Не удержался от раздражения на «предков», виноватых лишь в том, что выжили в советское время, и один из куртуазных маньеристов, студент журфака Дмитрий Быков. Однажды, только что выпущенный из КПЗ, где просидел, кажется, сутки за то, что выпустил самопальную газетку на сплошном мате, он с видом героя «камерной поэзии» развалился в амфитеатре Политеха и, мешая поэтам читать, громко и насмешливо обсуждал их стихи. Мне пришлось даже одернуть его. И, хотя я дал ему слово, он, наверно, посчитал меня «душителем свободы».
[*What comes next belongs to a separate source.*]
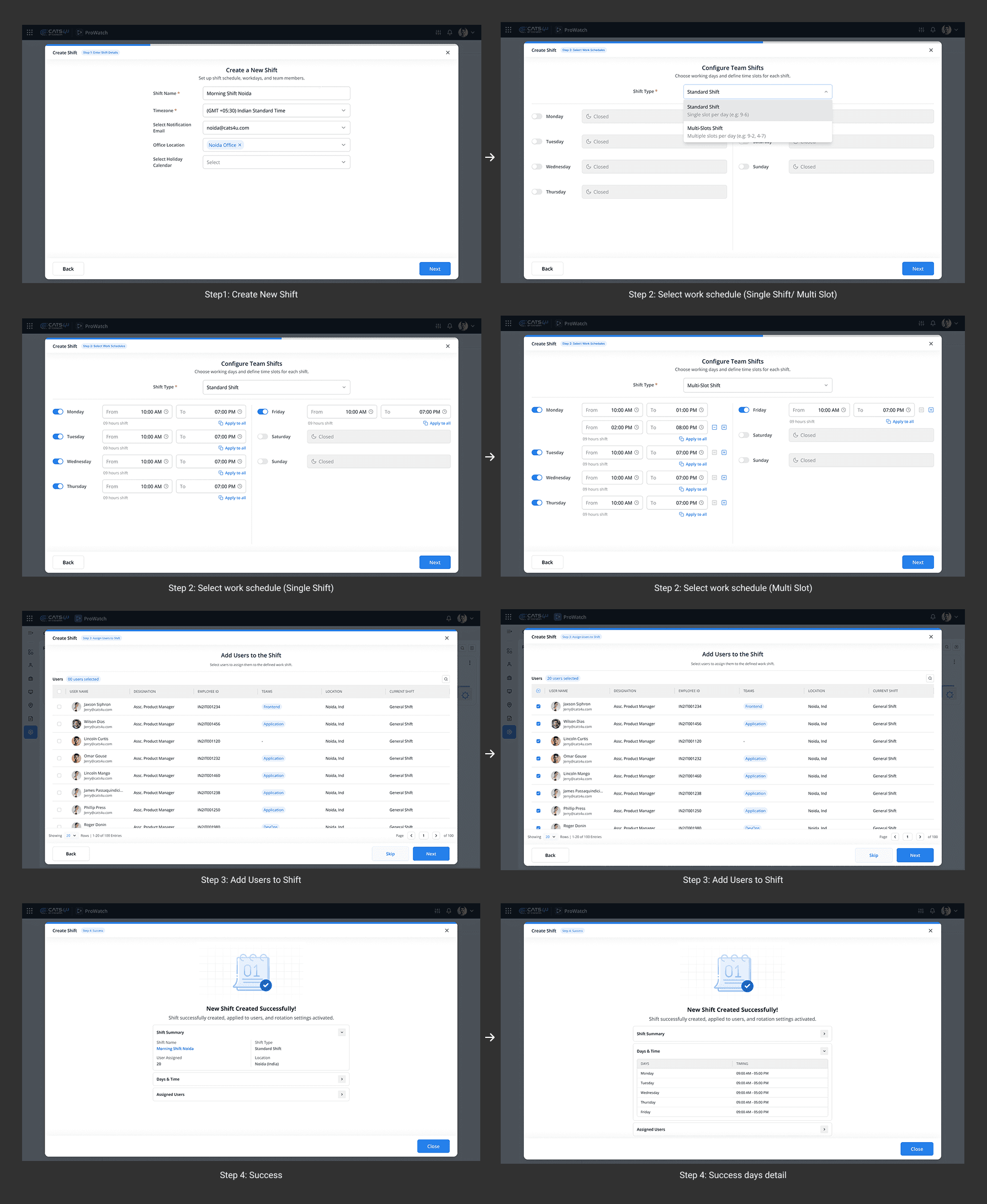 The redesigned workflow brought clarity and structure to a previously fragmented shift management process. By introducing guided steps, visual previews, and organized rotation logic, the experience now supports faster decision-making and minimizes costly configuration errors. Users can now move through shift creation and rotation setting with confidence, supported by a cleaner hierarchy and a system that reveals information progressively instead of overwhelming them upfront.

Однако он выделялся среди сверстников не только высокой культурой поэтики, но и общей культурой, потому что среди стеба у него вдруг прорывались чистые лирические, а порой и высокие трагедийные ноты. К тому же он был мастером запоминающихся афоризмов и психологических философем, не насильно, а грациозно вплетенных в ткань стиха: «Одиночество – тяжкий грех. Мне чужой ненавистен запах. Я люблю себя больше всех высших принципов, вместе взятых. Это только малая часть. Полный перечень был бы долог. Хватит названного – подпасть под понятье «полный подонок».
Что это – уничижение, смешанное с изломанным самолюбованием? А может, это бесстрашное портретирование времени, начатое с себя? Нам долго твердили о вреде «интеллигентского самокопания». А без него не добыть самородки скрывающихся в нас талантов. Вспомним притчу о том, что бессмысленно зарывать таланты в землю.
Плохой человек не отважится наговорить на себя столько плохого, сколько наговорил Дмитрий Быков. Но то, что написано с безжалостной правдивостью, называется исповедью. Настоящие исповеди, порой отвратительные, как откровенность Ставрогина у Достоевского, требуют неимоверного мужества: каково распахнуть перед всеми свою душу, с ее чуланами и подпольями?
Дмитрий Быков, обладающий нечеловеческой творческой энергетикой, иногда наглый, но никогда не скучный, заполонивший журналы и телеэкран своей, как он сам выразился, «жирной мордой»; Быков, от чьих сочинений ломятся прилавки, получивший самую крупную премию за биографию Бориса Пастернака, только что выпустивший книгу «А был ли Горький?» и взявшийся за Булата Окуджаву, печатающий в воскресшем «Огоньке» блистательные интеллектуальные лубки вроде пародийной оды перебежавшему от Жириновского в «Справедливую Россию» бывшему депутату Митрофанову; Быков, во плоти присутствующий на всех мыслимых презентациях и фуршетах или мерещащийся на них, почему-то почти не заметен на похоронах. Может, ему до чертиков интересно только в жизни, где без него была бы скука смертная, – некем стало бы возмущаться при нашем нерушимом единодушии.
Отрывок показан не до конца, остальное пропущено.